_Data excerpts:_
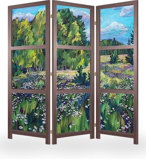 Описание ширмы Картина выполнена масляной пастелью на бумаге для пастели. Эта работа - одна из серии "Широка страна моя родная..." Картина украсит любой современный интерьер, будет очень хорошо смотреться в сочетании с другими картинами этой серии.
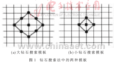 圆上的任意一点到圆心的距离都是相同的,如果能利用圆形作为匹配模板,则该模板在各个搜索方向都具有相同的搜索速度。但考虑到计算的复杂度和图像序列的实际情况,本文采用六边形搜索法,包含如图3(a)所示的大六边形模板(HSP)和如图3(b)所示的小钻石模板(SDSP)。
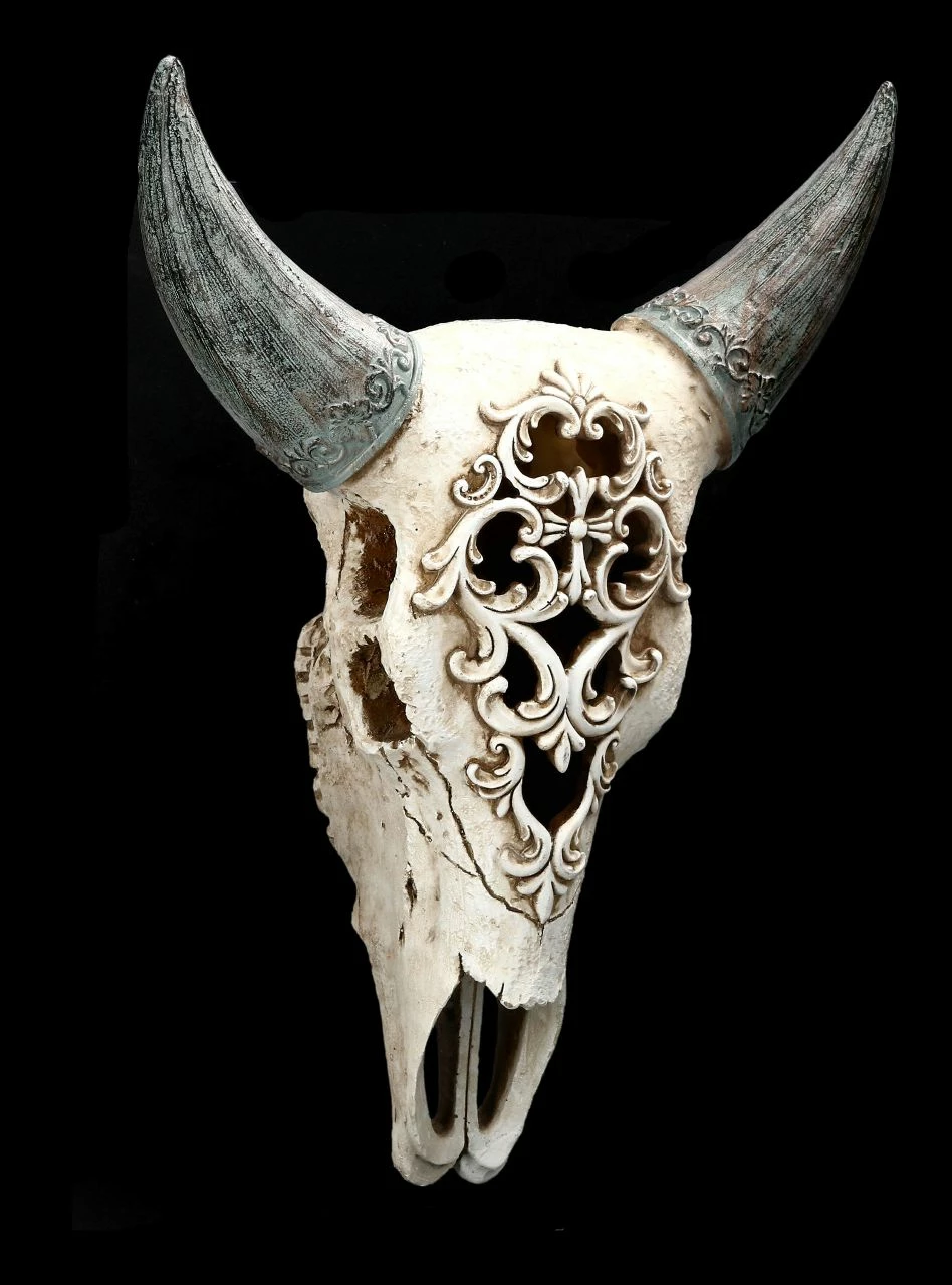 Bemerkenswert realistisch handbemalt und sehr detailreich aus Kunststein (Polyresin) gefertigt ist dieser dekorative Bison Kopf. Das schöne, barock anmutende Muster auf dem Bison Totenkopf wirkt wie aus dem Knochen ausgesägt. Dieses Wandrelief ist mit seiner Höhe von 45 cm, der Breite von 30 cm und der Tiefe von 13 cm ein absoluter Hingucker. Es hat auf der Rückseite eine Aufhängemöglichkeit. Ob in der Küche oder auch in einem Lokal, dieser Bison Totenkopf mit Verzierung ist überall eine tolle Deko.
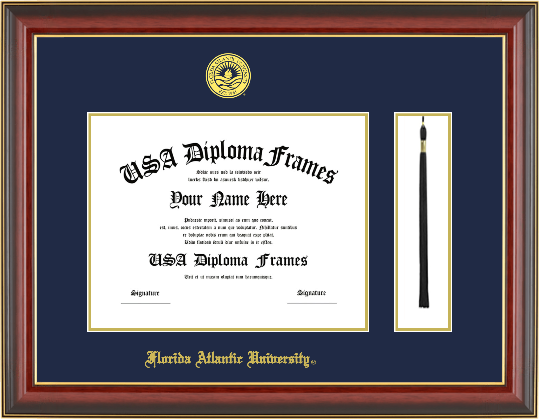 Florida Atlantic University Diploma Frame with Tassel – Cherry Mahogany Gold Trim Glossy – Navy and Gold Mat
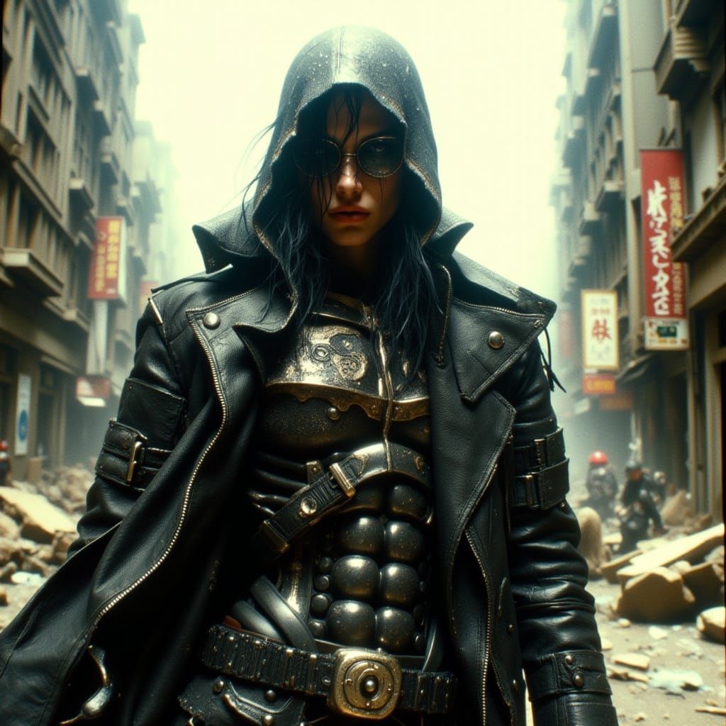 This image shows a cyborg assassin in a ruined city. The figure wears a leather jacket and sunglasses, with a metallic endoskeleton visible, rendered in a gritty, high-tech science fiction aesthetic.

_Task directions:_ The response has to be an exact copy of all the data, pictures excluded.

_Result of this task:_
 Описание ширмы Картина выполнена масляной пастелью на бумаге для пастели. Эта работа - одна из серии "Широка страна моя родная..." Картина украсит любой современный интерьер, будет очень хорошо смотреться в сочетании с другими картинами этой серии.
 圆上的任意一点到圆心的距离都是相同的,如果能利用圆形作为匹配模板,则该模板在各个搜索方向都具有相同的搜索速度。但考虑到计算的复杂度和图像序列的实际情况,本文采用六边形搜索法,包含如图3(a)所示的大六边形模板(HSP)和如图3(b)所示的小钻石模板(SDSP)。
 Bemerkenswert realistisch handbemalt und sehr detailreich aus Kunststein (Polyresin) gefertigt ist dieser dekorative Bison Kopf. Das schöne, barock anmutende Muster auf dem Bison Totenkopf wirkt wie aus dem Knochen ausgesägt. Dieses Wandrelief ist mit seiner Höhe von 45 cm, der Breite von 30 cm und der Tiefe von 13 cm ein absoluter Hingucker. Es hat auf der Rückseite eine Aufhängemöglichkeit. Ob in der Küche oder auch in einem Lokal, dieser Bison Totenkopf mit Verzierung ist überall eine tolle Deko.
 Florida Atlantic University Diploma Frame with Tassel – Cherry Mahogany Gold Trim Glossy – Navy and Gold Mat
 This image shows a cyborg assassin in a ruined city. The figure wears a leather jacket and sunglasses, with a metallic endoskeleton visible, rendered in a gritty, high-tech science fiction aesthetic.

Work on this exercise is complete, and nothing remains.